[Supplied material]

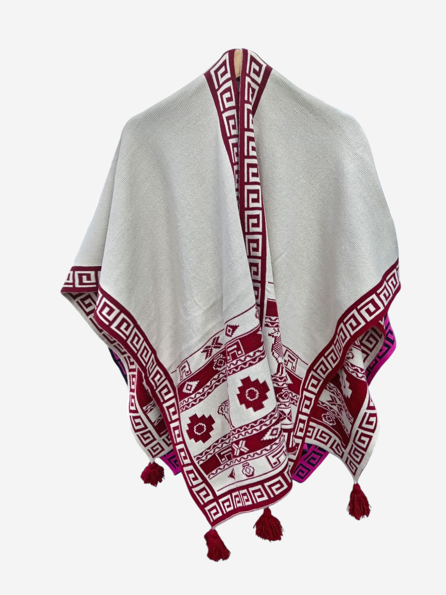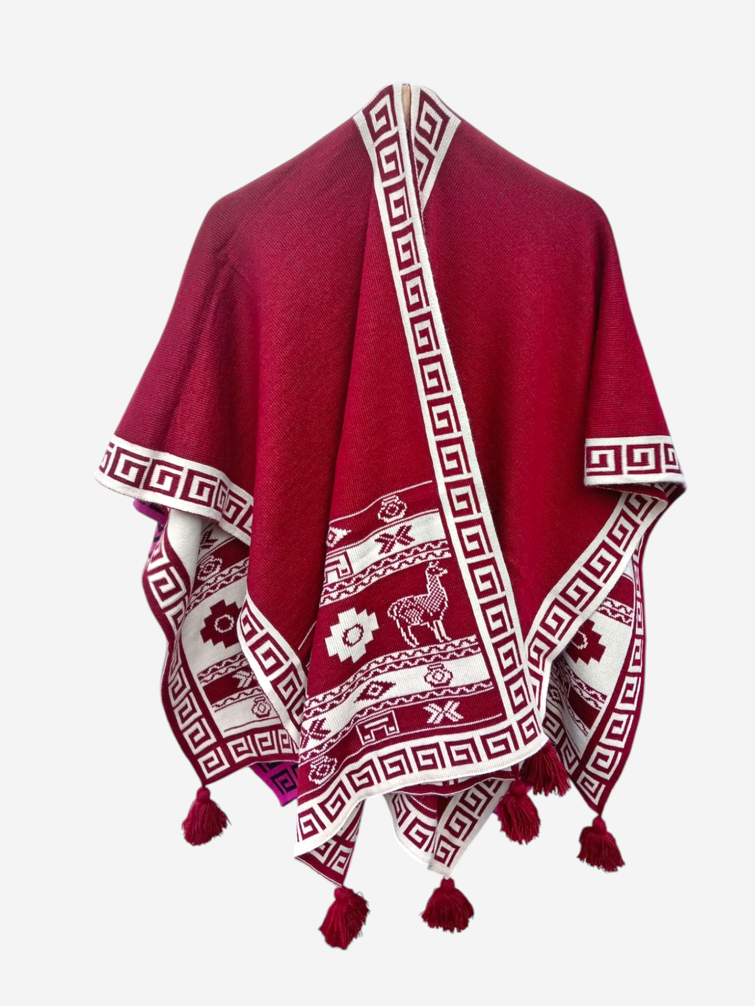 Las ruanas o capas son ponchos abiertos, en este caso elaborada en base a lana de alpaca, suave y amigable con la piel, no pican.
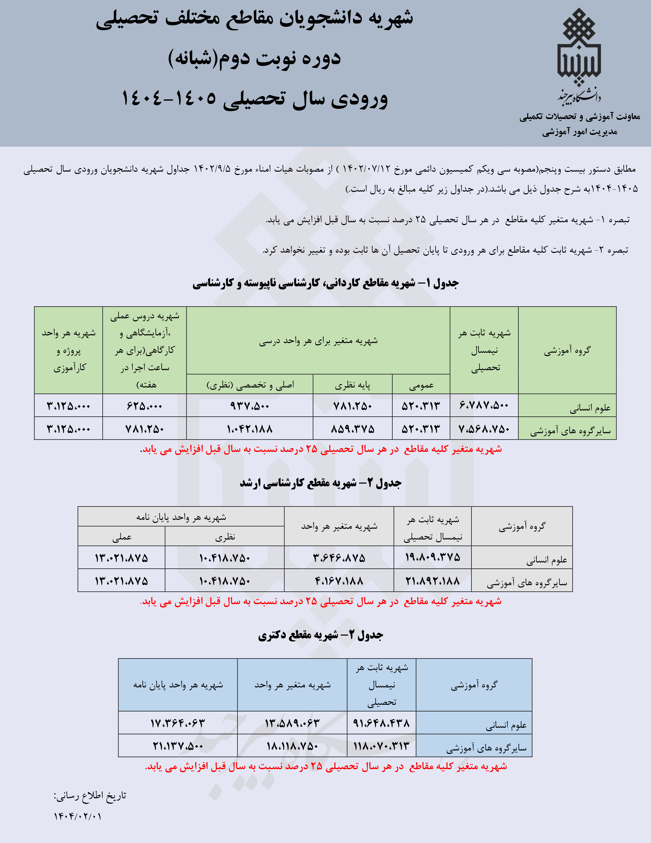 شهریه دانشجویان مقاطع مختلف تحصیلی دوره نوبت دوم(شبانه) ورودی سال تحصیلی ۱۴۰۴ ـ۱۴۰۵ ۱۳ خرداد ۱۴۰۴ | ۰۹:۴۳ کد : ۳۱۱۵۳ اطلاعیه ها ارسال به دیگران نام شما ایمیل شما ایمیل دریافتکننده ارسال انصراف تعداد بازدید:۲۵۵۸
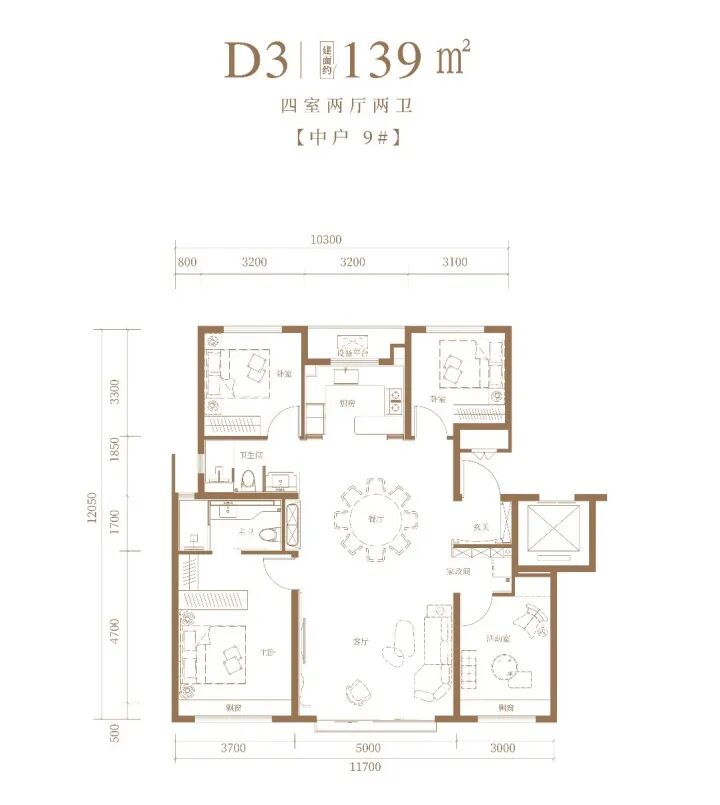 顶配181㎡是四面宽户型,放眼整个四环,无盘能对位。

[/Supplied material]

• What this task involves: Drop every image, please, and write out the data above exactly as shown.

• Solution:
 Las ruanas o capas son ponchos abiertos, en este caso elaborada en base a lana de alpaca, suave y amigable con la piel, no pican.
 شهریه دانشجویان مقاطع مختلف تحصیلی دوره نوبت دوم(شبانه) ورودی سال تحصیلی ۱۴۰۴ ـ۱۴۰۵ ۱۳ خرداد ۱۴۰۴ | ۰۹:۴۳ کد : ۳۱۱۵۳ اطلاعیه ها ارسال به دیگران نام شما ایمیل شما ایمیل دریافتکننده ارسال انصراف تعداد بازدید:۲۵۵۸
 顶配181㎡是四面宽户型,放眼整个四环,无盘能对位。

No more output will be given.